┌─ Data shown

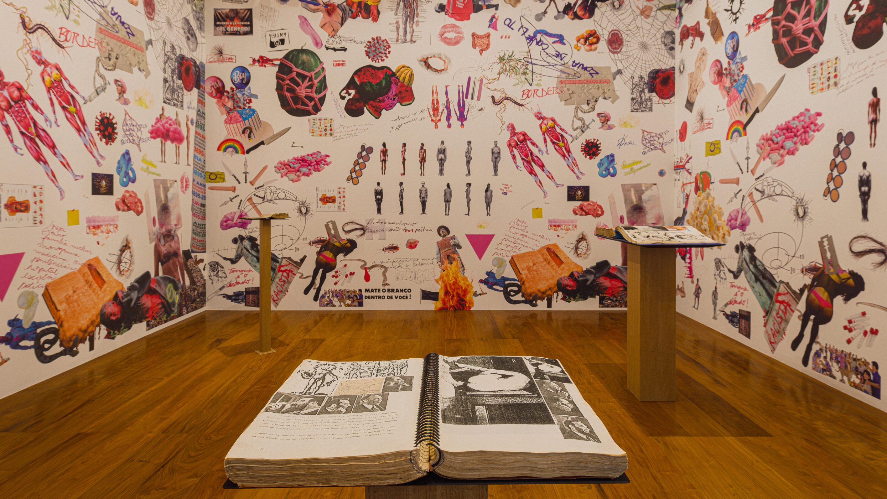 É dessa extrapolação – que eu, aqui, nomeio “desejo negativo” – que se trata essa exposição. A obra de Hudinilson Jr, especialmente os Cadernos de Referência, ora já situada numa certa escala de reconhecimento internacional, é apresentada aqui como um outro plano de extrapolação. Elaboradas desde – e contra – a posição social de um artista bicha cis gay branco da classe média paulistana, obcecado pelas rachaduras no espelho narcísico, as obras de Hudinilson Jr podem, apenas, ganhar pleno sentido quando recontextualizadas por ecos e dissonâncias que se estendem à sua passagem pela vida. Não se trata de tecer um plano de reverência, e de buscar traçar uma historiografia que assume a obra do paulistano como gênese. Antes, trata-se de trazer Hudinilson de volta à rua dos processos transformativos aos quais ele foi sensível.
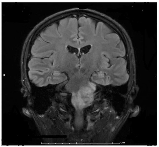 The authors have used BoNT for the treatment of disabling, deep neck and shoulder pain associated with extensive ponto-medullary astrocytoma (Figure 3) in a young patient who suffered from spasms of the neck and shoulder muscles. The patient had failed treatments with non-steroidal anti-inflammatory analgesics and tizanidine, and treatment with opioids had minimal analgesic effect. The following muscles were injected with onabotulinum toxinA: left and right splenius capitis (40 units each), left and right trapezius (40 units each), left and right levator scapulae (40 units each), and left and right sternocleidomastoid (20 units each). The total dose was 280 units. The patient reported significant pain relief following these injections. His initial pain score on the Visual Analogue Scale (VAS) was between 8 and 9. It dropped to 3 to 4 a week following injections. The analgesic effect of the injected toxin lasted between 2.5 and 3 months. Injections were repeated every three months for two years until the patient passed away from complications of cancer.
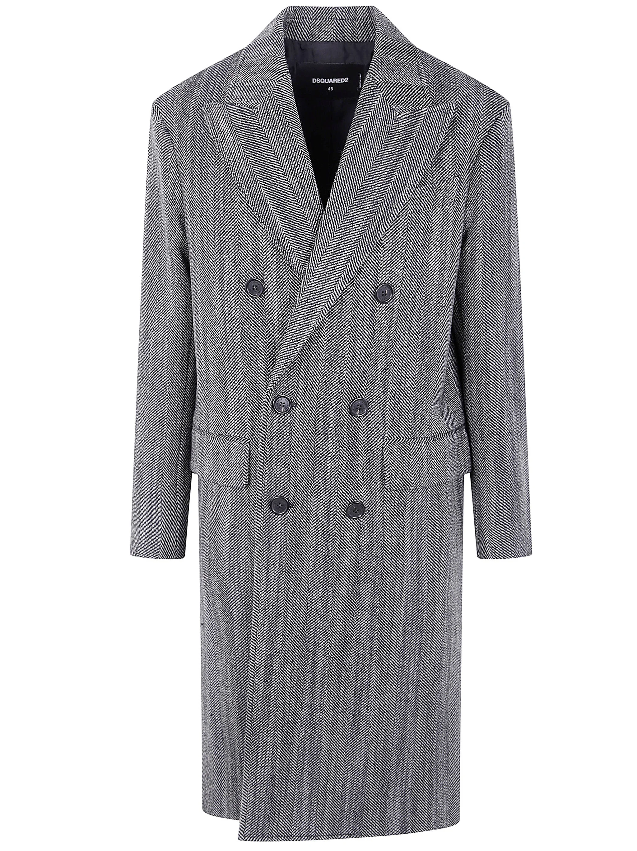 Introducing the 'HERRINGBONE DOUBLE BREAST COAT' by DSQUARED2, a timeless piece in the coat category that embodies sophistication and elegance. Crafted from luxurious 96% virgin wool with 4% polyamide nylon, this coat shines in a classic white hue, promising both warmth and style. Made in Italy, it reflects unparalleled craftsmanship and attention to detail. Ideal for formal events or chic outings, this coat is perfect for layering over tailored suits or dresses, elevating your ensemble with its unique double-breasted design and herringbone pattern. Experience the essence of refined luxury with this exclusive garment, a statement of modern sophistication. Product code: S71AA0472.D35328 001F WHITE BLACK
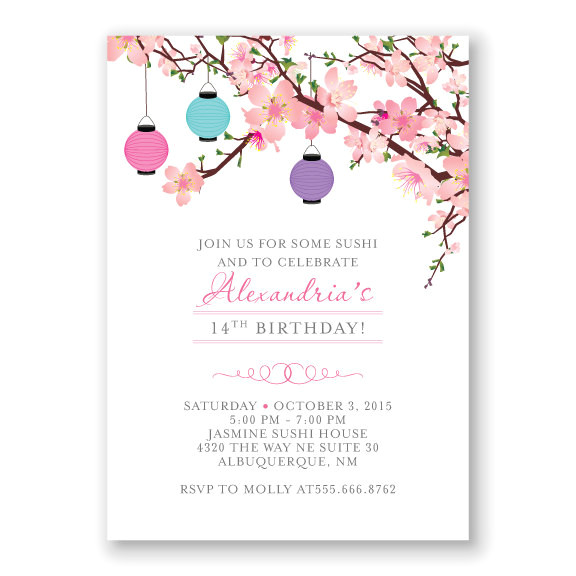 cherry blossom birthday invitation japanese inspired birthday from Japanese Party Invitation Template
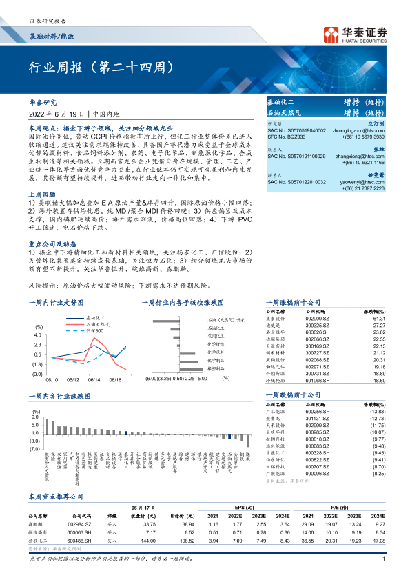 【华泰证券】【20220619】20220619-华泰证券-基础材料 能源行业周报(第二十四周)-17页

└─

- [Problem]: Repeat the entries exactly, without pictures.

- [Answer to the exercise]:
 É dessa extrapolação – que eu, aqui, nomeio “desejo negativo” – que se trata essa exposição. A obra de Hudinilson Jr, especialmente os Cadernos de Referência, ora já situada numa certa escala de reconhecimento internacional, é apresentada aqui como um outro plano de extrapolação. Elaboradas desde – e contra – a posição social de um artista bicha cis gay branco da classe média paulistana, obcecado pelas rachaduras no espelho narcísico, as obras de Hudinilson Jr podem, apenas, ganhar pleno sentido quando recontextualizadas por ecos e dissonâncias que se estendem à sua passagem pela vida. Não se trata de tecer um plano de reverência, e de buscar traçar uma historiografia que assume a obra do paulistano como gênese. Antes, trata-se de trazer Hudinilson de volta à rua dos processos transformativos aos quais ele foi sensível.
 The authors have used BoNT for the treatment of disabling, deep neck and shoulder pain associated with extensive ponto-medullary astrocytoma (Figure 3) in a young patient who suffered from spasms of the neck and shoulder muscles. The patient had failed treatments with non-steroidal anti-inflammatory analgesics and tizanidine, and treatment with opioids had minimal analgesic effect. The following muscles were injected with onabotulinum toxinA: left and right splenius capitis (40 units each), left and right trapezius (40 units each), left and right levator scapulae (40 units each), and left and right sternocleidomastoid (20 units each). The total dose was 280 units. The patient reported significant pain relief following these injections. His initial pain score on the Visual Analogue Scale (VAS) was between 8 and 9. It dropped to 3 to 4 a week following injections. The analgesic effect of the injected toxin lasted between 2.5 and 3 months. Injections were repeated every three months for two years until the patient passed away from complications of cancer.
 Introducing the 'HERRINGBONE DOUBLE BREAST COAT' by DSQUARED2, a timeless piece in the coat category that embodies sophistication and elegance. Crafted from luxurious 96% virgin wool with 4% polyamide nylon, this coat shines in a classic white hue, promising both warmth and style. Made in Italy, it reflects unparalleled craftsmanship and attention to detail. Ideal for formal events or chic outings, this coat is perfect for layering over tailored suits or dresses, elevating your ensemble with its unique double-breasted design and herringbone pattern. Experience the essence of refined luxury with this exclusive garment, a statement of modern sophistication. Product code: S71AA0472.D35328 001F WHITE BLACK
 cherry blossom birthday invitation japanese inspired birthday from Japanese Party Invitation Template
 【华泰证券】【20220619】20220619-华泰证券-基础材料 能源行业周报(第二十四周)-17页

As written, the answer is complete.